4 of 454 comments (clear)

Min score:

Reason:

Sort:

Un-training? Hardly. by pclminion · 2006-08-09 05:03 · Score: 5, Informative

Bayesian and other filters do not rely on "spammy" words alone -- they also rely on "unspammy" words, and spammers have no idea what those words are because each person receives different email.

A scenario, with made up (but plausible) numbers: Suppose you're a developer of a Linux driver for the Bozodrive 1000. The majority of your legitimate email comes from Linux driver development mailing lists. A full 50% of those emails contain the word "IRQ." 99% of the emails contain the word "driver," and 15% contain the word "Johannsen" which is in the signature of one of your friends. And precisely 0% of the emails containing any of these terms have ever been found to be spam.

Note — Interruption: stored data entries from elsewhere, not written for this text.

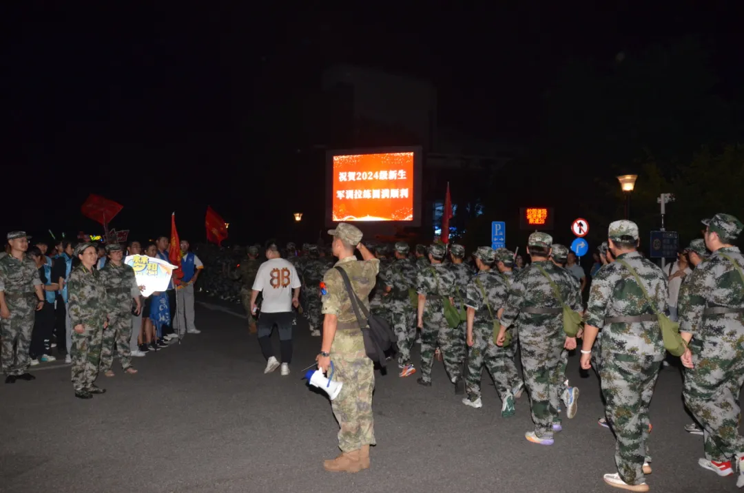9月12日晚,必赢官网2024级参训新生,步伐矫健,精神抖擞,圆满出色完成军训拉练任务。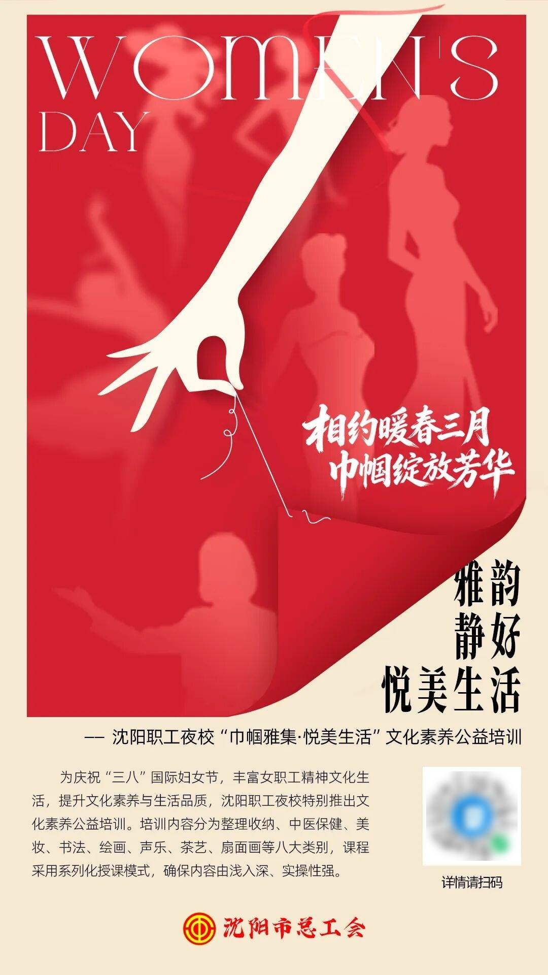 为庆祝“三八”国际妇女节,丰富女职工精神文化生活,提升文化素养与生活品质,沈阳职工夜校特别推出文化素养公益培训。培训内容分为整理收纳、中医保健、美妆、书法、绘画、声乐、茶艺、扇面画等八大类别,课程采用系列化授课模式,内容由浅入深、实操性强。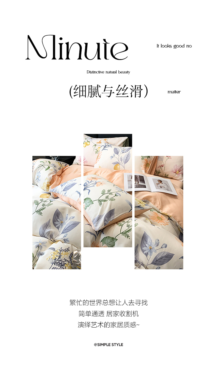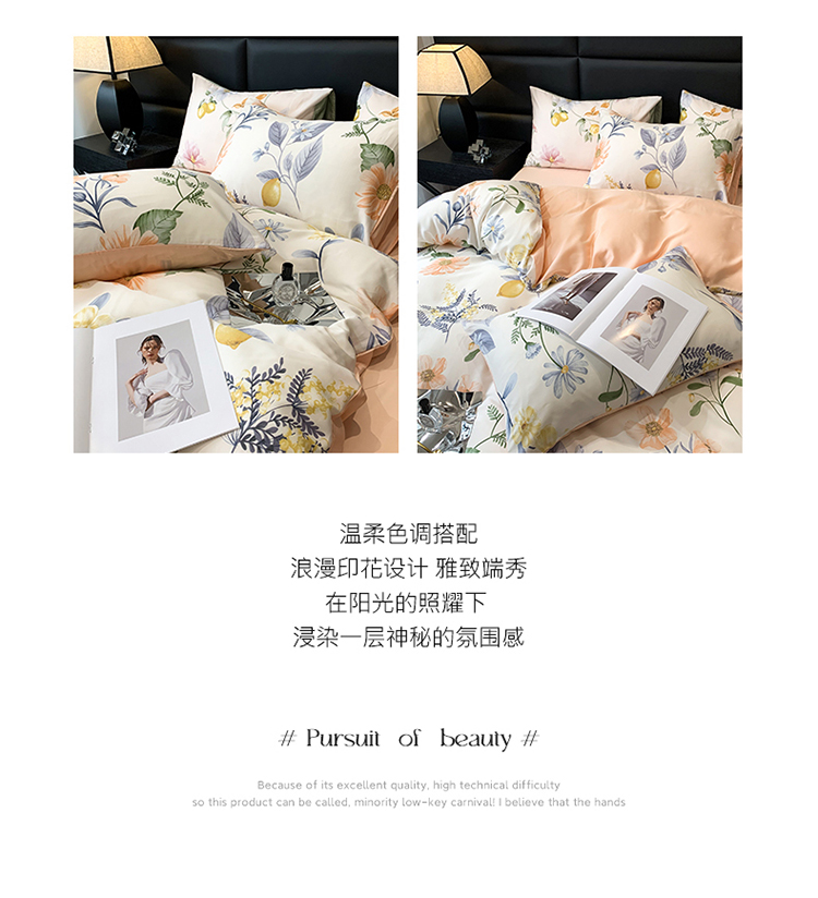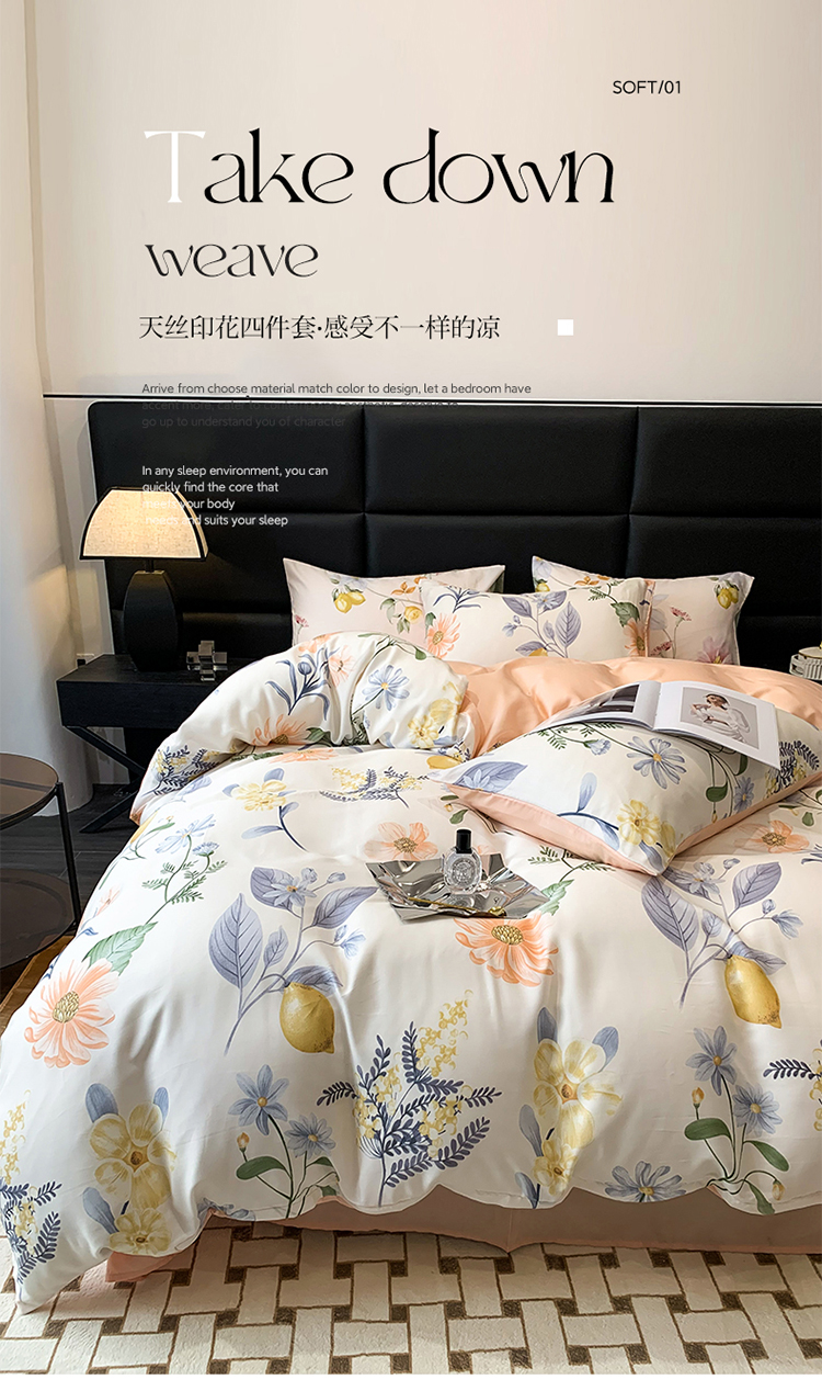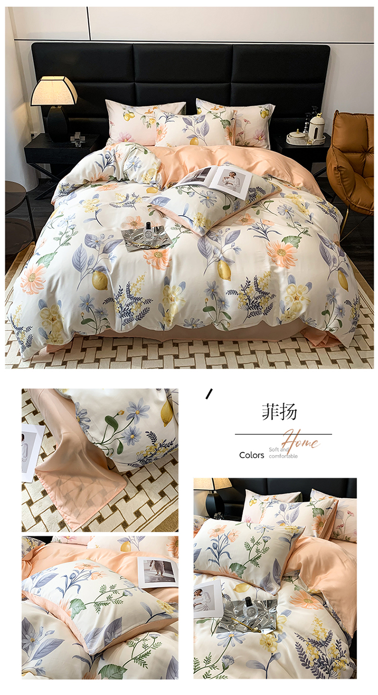 (总)澳萝拉 2023新款天丝印花四件套,芳馨,菲扬,江夏,恋馨,柠染-粉,浅语初开-米,叶飘,月韵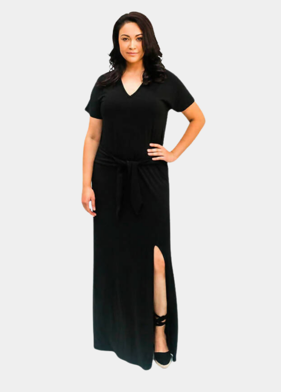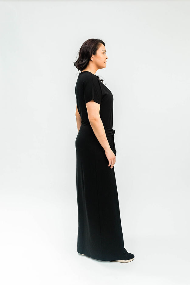 This maxi-dress uses the same kimono-style sleeve and soft jersey material as the Liv Tee, allowing for broad shoulders, long torsos or a larger bust. The tie-waist gives shape and a slit up the leg provides movement and style. Wear it with sandals for everyday casual, dress it up with strappy sandals and a chunky necklace or layer with a denim jacket and sneakers! The options are endless with this dress, you will be wearing it on repeat!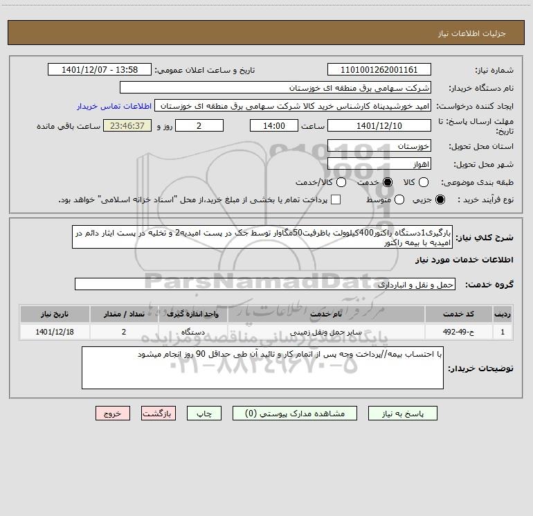 شرح کلی نیاز: بارگیری1دستگاه راکتور400کیلوولت باظرفیت50مگاوار توسط جک در پست امیدیه2 و تخلیه در پست ایثار دائم در امیدیه با بیمه راکتور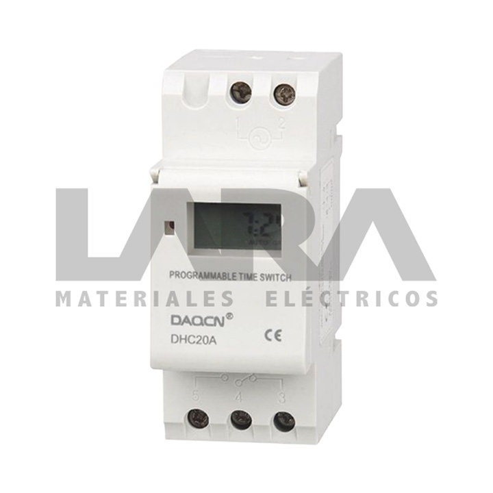 Reloj interruptor horario digital DHC20A diseñado para automatizar el encendido y apagado de circuitos eléctricos con alta precisión. Permite establecer múltiples programas, controlando de forma eficiente la operación de equipos eléctricos, contribuyendo al ahorro energético y optimización de procesos en aplicaciones industriales, comerciales y residenciales.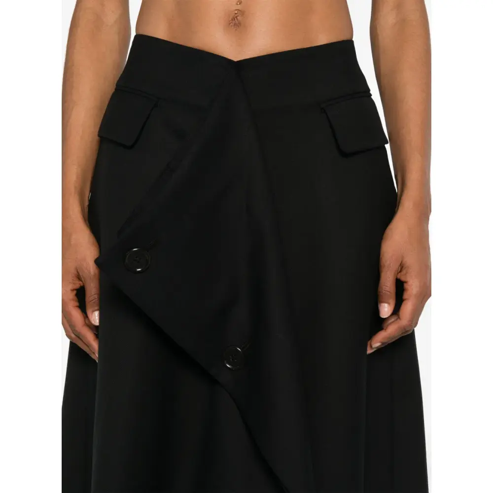 · эта юбка с асимметричным подолом должна сидеть чуть ниже линии талии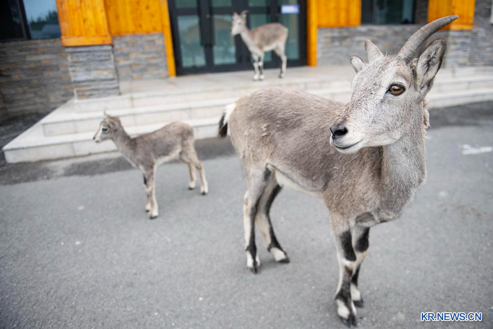 23일 치롄산 국가공원 야생동물 구호번식소에서 포착한 산양 세 마리. 2025.7.24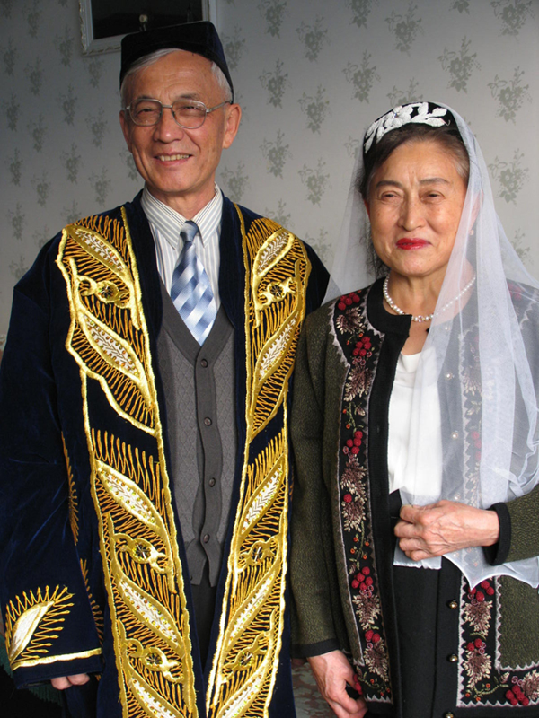 烏孜別克族男子的傳統(tǒng)服裝是一種長(zhǎng)度過(guò)膝的長(zhǎng)衣,長(zhǎng)衣有兩種款式,一種為直領(lǐng)、開(kāi)襟、無(wú)衽,在門(mén)襟、領(lǐng)邊、袖口上繡花邊。信服上有花色圖案,十分美觀;另一種為斜領(lǐng)、右衽的長(zhǎng)衣,類(lèi)似維吾爾族的“袷袢”。腰束三角形的繡花腰帶,一般年輕人的腰帶色彩都很艷麗,所穿領(lǐng)邊、袖口、前襟開(kāi)口處都繡著紅、綠、藍(lán)相間的彩色花邊圖案,表現(xiàn)了烏孜別克族工藝美術(shù)的特點(diǎn)。老年人卻愛(ài)穿黑色長(zhǎng)衣,腰帶的顏色也偏于淡雅。烏孜別克男女傳統(tǒng)上都愛(ài)穿皮靴、皮鞋,長(zhǎng)靴外面還常穿膠制淺口套鞋,進(jìn)屋時(shí)脫下套鞋,就可以不把泥土帶進(jìn)屋內(nèi),十分衛(wèi)生。

Any decent spam filter will give a huge weight to the presence of these "unspammy" words, because of the extremely high probability of emails containing them to be non-spam. The presence of randomly selected confusion words in empty spams is not going to affect these frequency counts.

In order to defeat a filter by confusing it, the spammer must guess what the SPECIFIC non-spam words for that PARTICULAR email user are, and then produce bogus, spam messages containing those words in the appropriate frequencies. This will cause the classification counts for those words to become more equalized, and the value of those words in determining spammyness to be greatly reduced. However, this is an impossible task unless the spammer has access to the actual emails of the target.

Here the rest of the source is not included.